Le trivelle, nel Mediterraneo, potrebbero provocare danni enormi in mare e in terra. Perché nei fondali del Mediterraneo non mancano i vulcani sottomarini, come ha illustrato bene Domenico Macaluso, medico chirurgo che lavora a Ribera, in provincia di Agrigento. Macaluso fa parte del Dipartimento d’Urgenza e Componente Commissione Emergenza Sanitaria e Calamità Naturali dell’Ordine dei Medici di questa provincia. E, soprattutto, è un grande conoscitore dei fondali del Mediterraneo. Dotato di brevetto di sommozzatore FIPSAS-CMAS e PADI International, con la qualifica di Rescue Diver (sommozzatore rianimatore), dal 1999 Mimmo Macaluso ha coordinato per la sezione agrigentina e saccense della Lega Navale Italiana e l’Ordine dei Geologi della Sicilia una serie di immersioni sottomarine sui resti dell’edificio vulcanico sommerso che giace sul Banco di Graham, nel Canale di Sicilia, il vulcano che per soli cinque mesi, nel 1831, diede vita all’isola Ferdinandea. Nel 2007, nominato “Ricercatore Subacqueo” nel progetto dell’Unione Europea “Discovering Magna Grecia”, Macaluso ha effettuato la mappatura dei siti d’interesse archeologico-subacquei della Sicilia sud-occidentale.
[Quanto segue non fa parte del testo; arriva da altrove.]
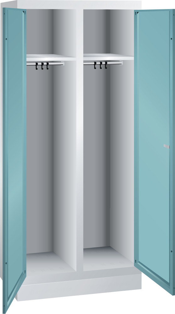 Garderobenschränke: Die Garderobenschränke sind je Abteil und je nach Modell ausgestattet mit: 2-flügeliger Vollblech-Tür einschlagend, Oberfläche glatt oder mit Lochfeld zur zusätzlichen Belüftung (2 Abteile verschliessend / 1 Schloss für 2 Abteile), 1 Hutboden, 1 Kleiderstange mit je 3 verschiebbaren Kleiderhaken, 1 Handtuchhalter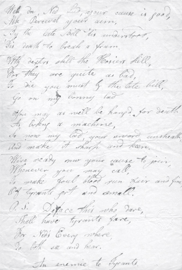 (Kevin Binfield ed., Writings of the Luddites, Johns Hopkins University Press, 2004, p. 15)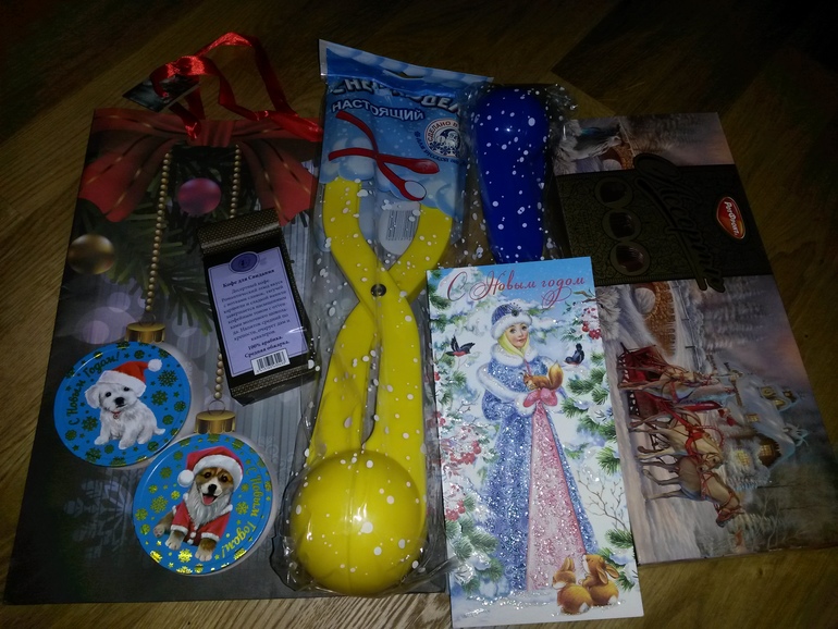 написала очень трогательную открытку, подарила снежколепы и конфетки, ароматный кофе)))))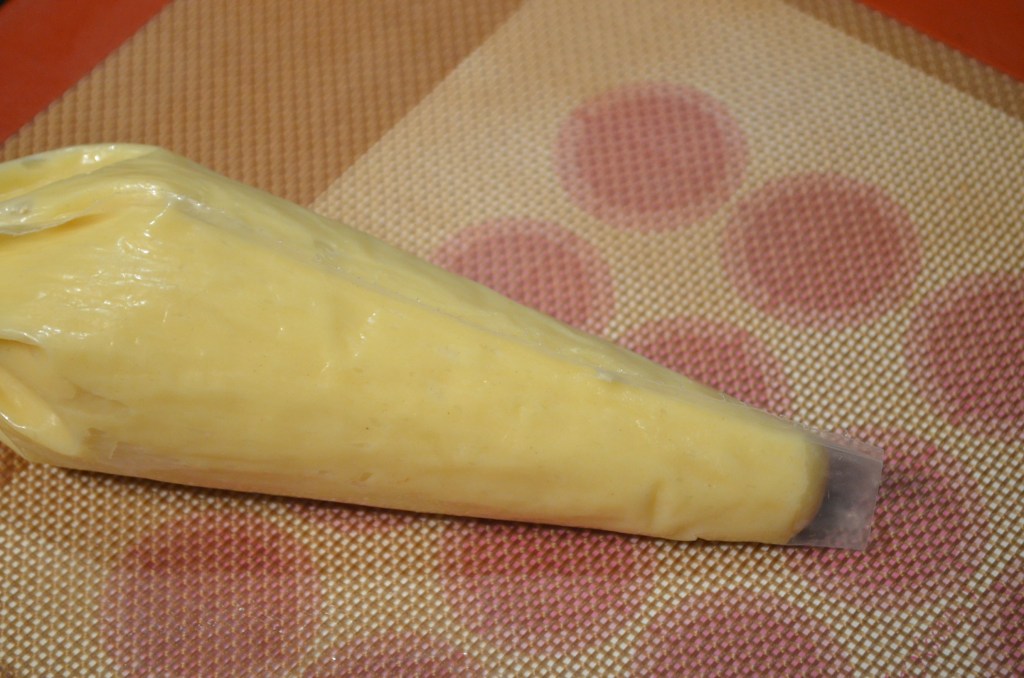 - Fill the piping bag with filling of your choice. I used Custard Pastry Cream. Check out my video to see how I made it.

Nel Luglio del 2009 ha partecipato, assieme ad i ricercatori del Dipartimento di Scienze della Terra dell’Università di Bologna, ad alcune missioni subacquee di recupero di gas, dalle fumarole della caldera di Panarea; nel maggio 2017 ha curato per il Dipartimento di Scienze e Tecnologie dell’Università di Napoli la taratura di rilievi geofisici per il GEAC (Gruppo Geologia Ambienti Costieri). È il Responsabile Scientifico del Settore Mare, del WWF Sicilia, Area Mediterranea e, qualche mese fa, è stato nominato Ispettore Onorario della Regionale siciliana per la Geologia Marina. Che cosa può succedere andando a cercare gas e petrolio nei fondali del Mediterraneo Macaluso lo ha raccontato in questa intervista.
Poi c’è l’ultima follia: un mega-progetto per riempire di pale eoliche 18 milio ni di metri cubi di mare in un’area compresa tra l’Africa e le isole Egadi. Una storia che è stata raccontata dall’europarlamentare eletto nel collegio Sicilia-Sardegna, Ignazio Corrao. “Il progetto di eolico off-shore a tra Sicilia e Tunisia – ha scritto Corrao – è quanto di più pericoloso possa esserci per la nostra pesca in quell’area del Mediterraneo. Un progetto che – nonostante l’obiettivo green di produzione di energia rinnovabile – non ho paura di definire folle. Non solo potrebbe avere un impatto ambientale enorme, ma soprattutto potrebbe decretare la fine della pesca in quel tratto di oltre 18 milioni di metri quadrati di mare”.